-- Records shown follows --

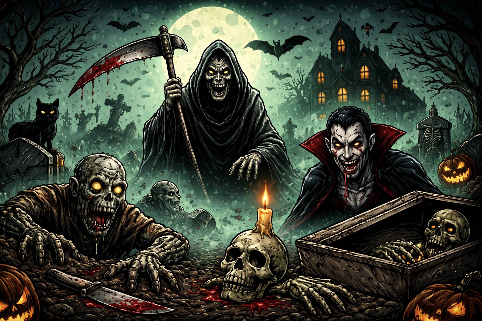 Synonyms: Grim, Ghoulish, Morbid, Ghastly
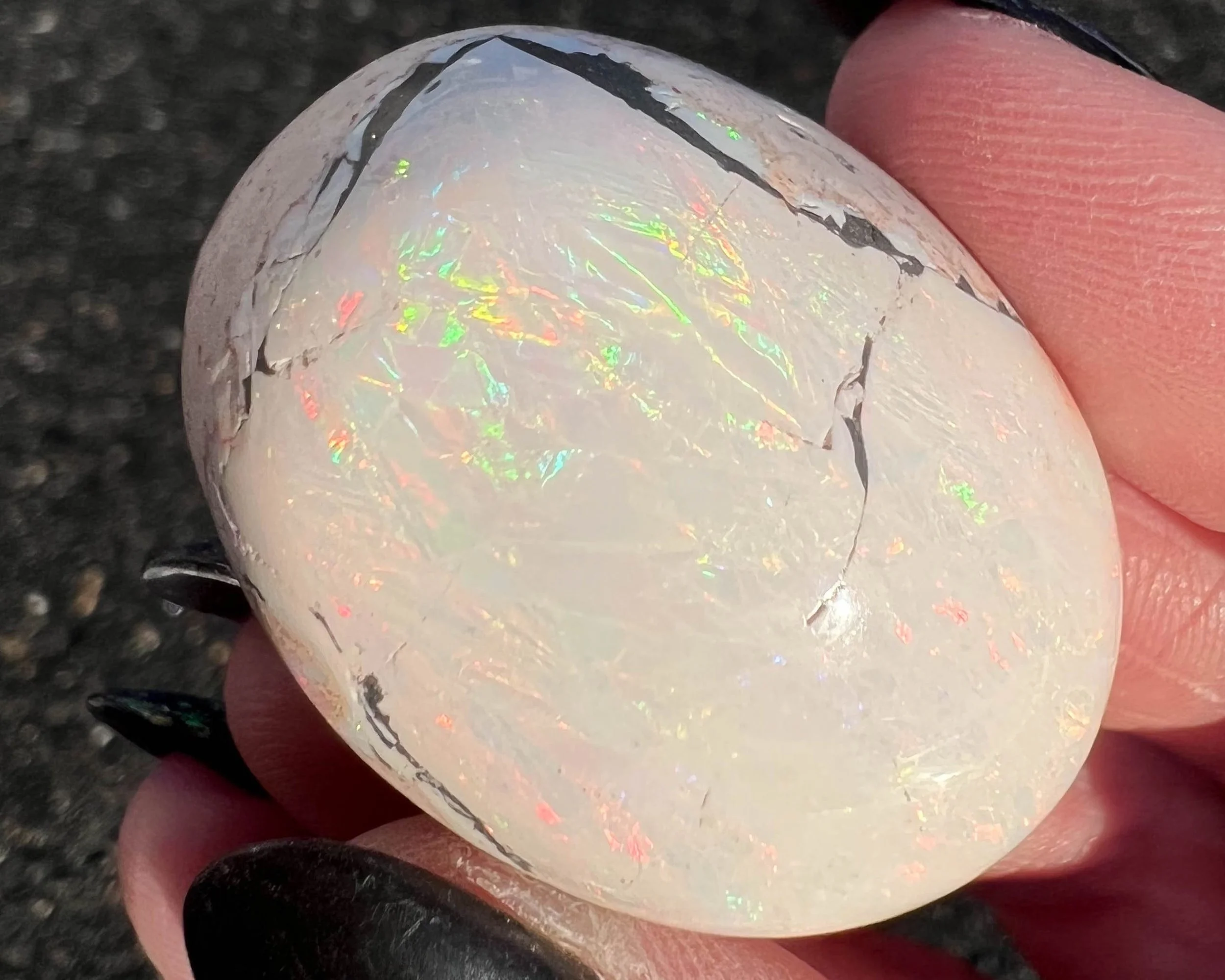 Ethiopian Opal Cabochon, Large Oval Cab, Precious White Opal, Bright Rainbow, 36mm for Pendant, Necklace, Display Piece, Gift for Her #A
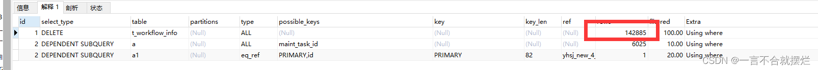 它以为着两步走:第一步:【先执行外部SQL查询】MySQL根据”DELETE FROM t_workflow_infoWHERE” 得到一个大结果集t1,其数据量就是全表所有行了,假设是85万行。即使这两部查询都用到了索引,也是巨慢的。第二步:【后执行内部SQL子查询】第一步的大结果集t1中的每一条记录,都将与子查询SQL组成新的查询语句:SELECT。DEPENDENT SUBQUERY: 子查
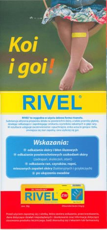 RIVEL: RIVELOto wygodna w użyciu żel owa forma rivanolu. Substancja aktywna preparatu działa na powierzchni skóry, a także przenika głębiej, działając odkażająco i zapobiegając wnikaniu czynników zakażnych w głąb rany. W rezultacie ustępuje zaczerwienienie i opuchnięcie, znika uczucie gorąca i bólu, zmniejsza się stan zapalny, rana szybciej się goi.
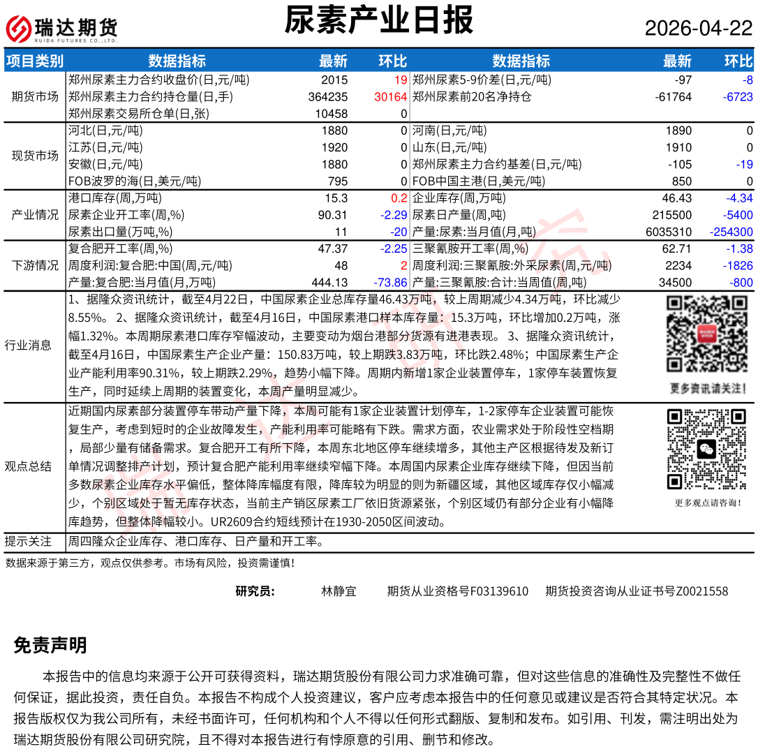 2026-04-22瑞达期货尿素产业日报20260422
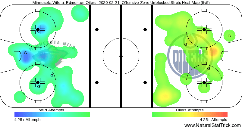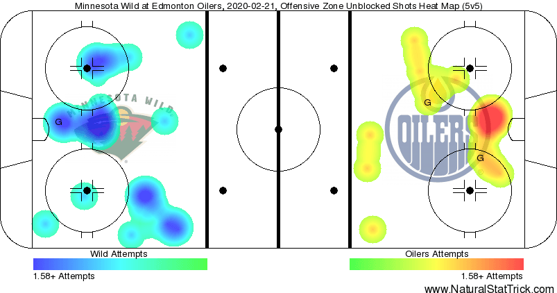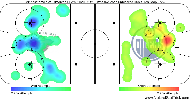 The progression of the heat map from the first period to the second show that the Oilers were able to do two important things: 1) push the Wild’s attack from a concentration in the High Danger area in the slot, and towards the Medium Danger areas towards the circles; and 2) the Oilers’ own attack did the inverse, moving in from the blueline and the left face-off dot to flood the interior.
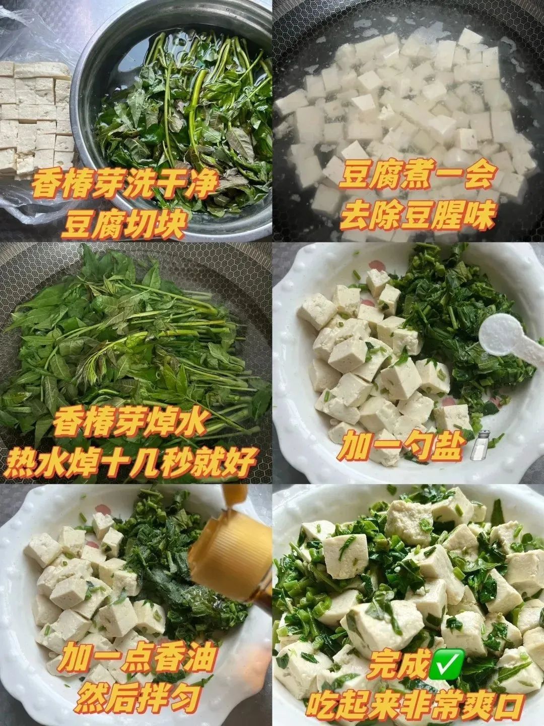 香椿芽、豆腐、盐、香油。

-- Records shown concluded --

Reproduce word for word the lines from the one containing "The progression of" through the end of the data, both ends kept. Drop the pictures.

 The progression of the heat map from the first period to the second show that the Oilers were able to do two important things: 1) push the Wild’s attack from a concentration in the High Danger area in the slot, and towards the Medium Danger areas towards the circles; and 2) the Oilers’ own attack did the inverse, moving in from the blueline and the left face-off dot to flood the interior.
 香椿芽、豆腐、盐、香油。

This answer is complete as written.